» WORK REQUEST
Reproduce the lines below verbatim. Pictures are to be omitted.

» GIVEN MATERIAL
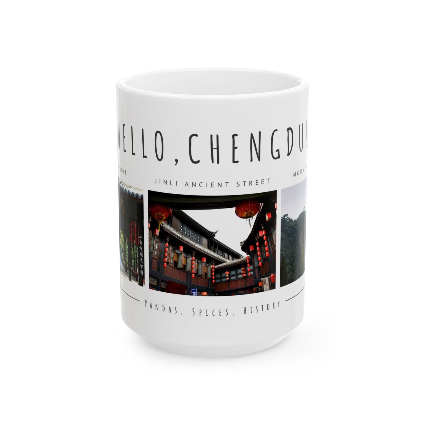Hello Chengdu! Ceramic Mug - Explore Pandas, Spices & Culture - 11oz & 15oz Options - 12173
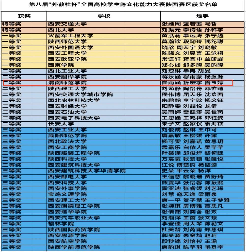 【光荣榜】我校学子在第八届“外教社杯”全国高校学生跨文化能力大赛陕西赛区中获佳绩
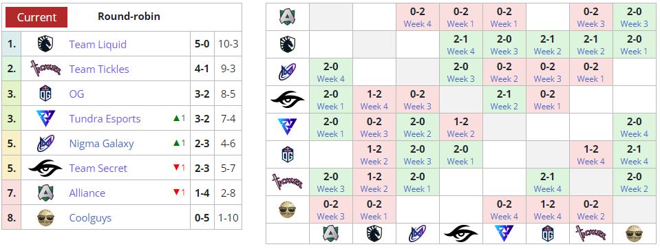 Победа позволила Team Tickles взобраться на вторую строчку в таблице. OG после поражения упала на четвертое место.

» RESULT FOR THIS TASK
Hello Chengdu! Ceramic Mug - Explore Pandas, Spices & Culture - 11oz & 15oz Options - 12173
 【光荣榜】我校学子在第八届“外教社杯”全国高校学生跨文化能力大赛陕西赛区中获佳绩
 Победа позволила Team Tickles взобраться на вторую строчку в таблице. OG после поражения упала на четвертое место.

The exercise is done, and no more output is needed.